Le budget de la ville, c’est 5 à 6 f par an et par habitant pour développer les points d’accès publics ; 1 f par an et par habitant pour les appels à projets, qui servent à développer l’accès à l’Internet, 6 F par an et par habitant pour le mutimédia dans les écoles. On est même prêts à financer des accès dans les maternelles, puisque Jack Lang, le ministre de l’...ducation, le demande...
À quoi ça sert, le multimédia à la maternelle ?

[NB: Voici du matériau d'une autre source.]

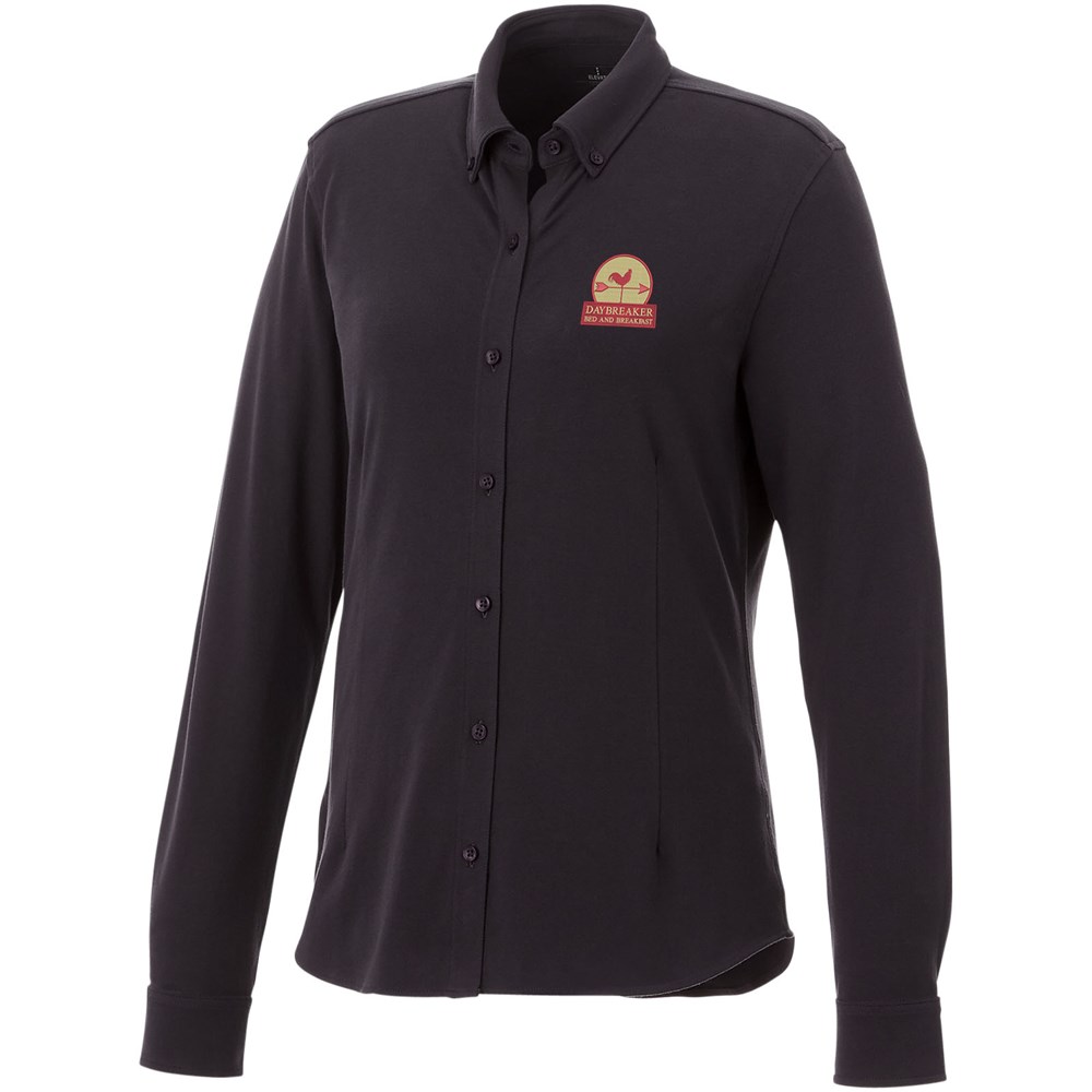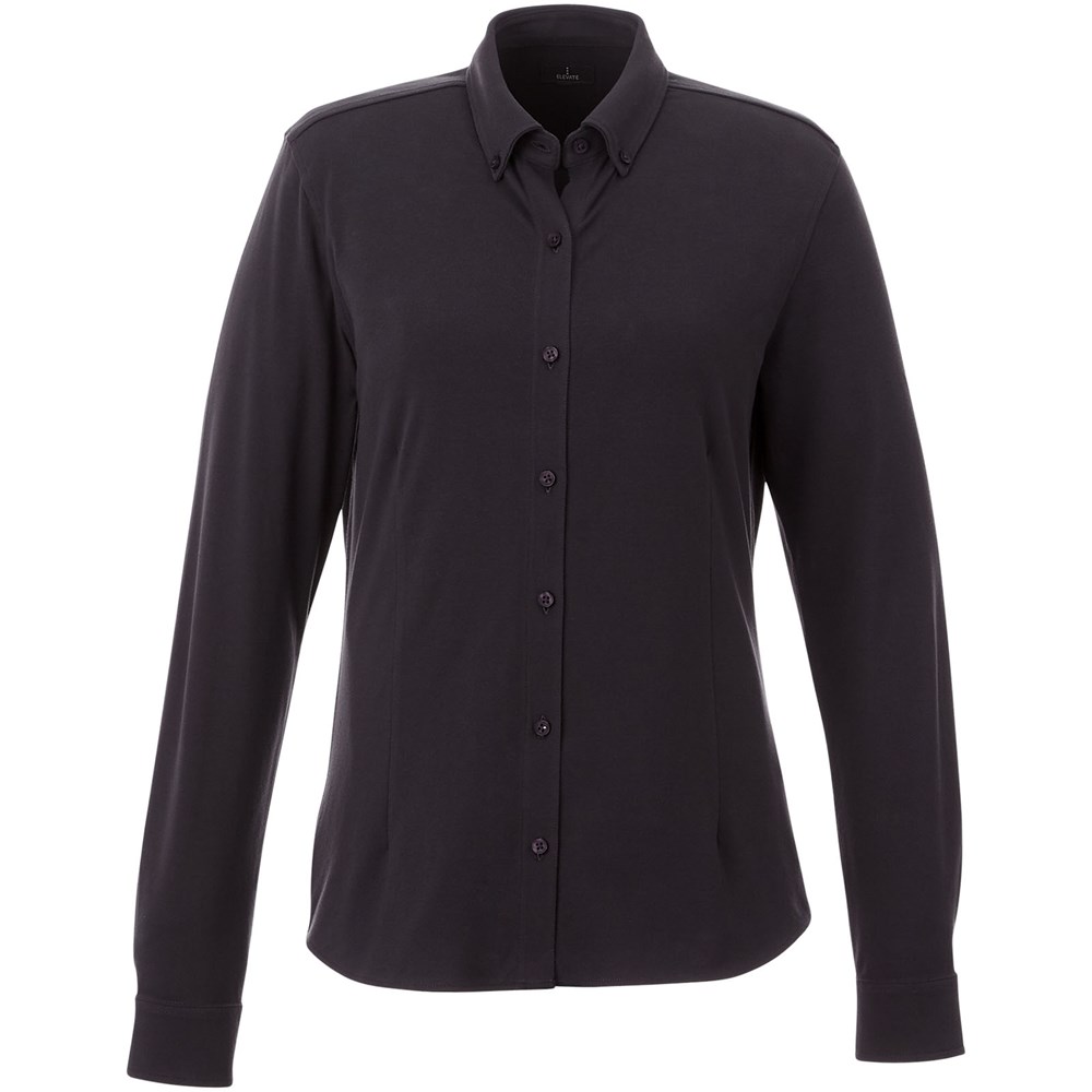 Stoff Einfassung am Kragen. Stetch-Material. Mit Knopf einstellbares Bündchen mit Falte. Button-Down Kragen. Anliegende Seitenähte und tailliert für schmeichelnde Passform. Satin Nackenband. Gravierte Ton-in-Ton Knöpfe. Gewebtes Hauptlabel.

On a déjà équipé et relié l’ensemble des écoles primaires. Si c’est pour que le ministre envoie des mails directement aux instits, comme il en aurait formulé l’intention, ça se discute. Si c’est pour un projet pédagogique, d’accord. On voulait le faire de toutes façons, mais à notre manière, en trois ans, tranquillement. La première année avec ceux qui sont très intéressés, la seconde avec ceux que ça aura rendu curieux et la troisième avec les plus réfractaires à qui l’exemple donnera forcément envie de suivre. Dans ces matières, on n’impose jamais rien par le haut.
C’est pour cela que vous n’arrivez pas à développer les accès dans les lycées ?
Ça, c’est un vrai motif d’insatisfaction. À ma connaissance, il y a moins d’une heure d’accès par an et par élève en dehors des formations professionnelles. Très peu de lycées disposent de salles en accès libre. Il y a juste quelques postes à partager pour un millier d’élèves.
Brest peut payer ?
Je voudrais d’abord que la communauté urbaine finance, pendant six mois ou un an, un emploi pour étudier l’organisation de tels points d’accès... Parce que, avant d’installer quoi que ce soit, il est plus sage d’envisager comment et avec l’aide de qui les lycéens vont pouvoir s’approprier l’outil. Ce n’est pas si simple. On n’a pas d’équipes dans les établissements pour assurer ce suivi. C’est bloqué depuis un an... et il a fallu six mois pour que la fiche descriptive du projet soit écrite ! Il va encore falloir six mois pour décider du financement.
Vous venez de financer un point d’accès pour les "SDF avec chiens", pourquoi ?
Dans le cadre des appels à projets auprès des associations, celui-ci a été soumis au jury. Il est composé de représentants de l’...ducation nationale, de la ville, de la caisse d’allocations familiales, de bibliothèque, du Conseil général. Une association, spécialisée dans l’accueil des SDF, s’est rendue compte qu’ils étaient chassés des points d’accès publics. On n’est pas allée la chercher. On donne 15 000 francs pour ce genre de projet. Ils ont déjà un local, ça leur permet d’acheter le ou les micro-ordinateurs dont ils ont besoin.
Pourquoi est-ce important de toucher tous les publics, via les points d’accès en ville ?
La densité des services proposés sur Internet ne fait que s’accroître. En particulier de la part des services publics pour faciliter les démarches administratives. Il devient donc de plus en plus nécessaire que les habitants des quartiers puissent disposer d’un accès Internet. Plus le nombre des utilisateurs sera grand, plus le sentiment de ceux qui ne le sont pas, de "ne pas en être" sera violent. C’est une problématique comparable à celle de la scolarisation. Si l’école obligatoire ne touchait pas tout le monde, ce serait tout aussi insupportable. Pour vivre en société, être un citoyen, il faut une certaine base culturelle, et tout le monde y a droit. Même si ce n’est pas encore aujourd’hui, il faut que ce soit possible un jour.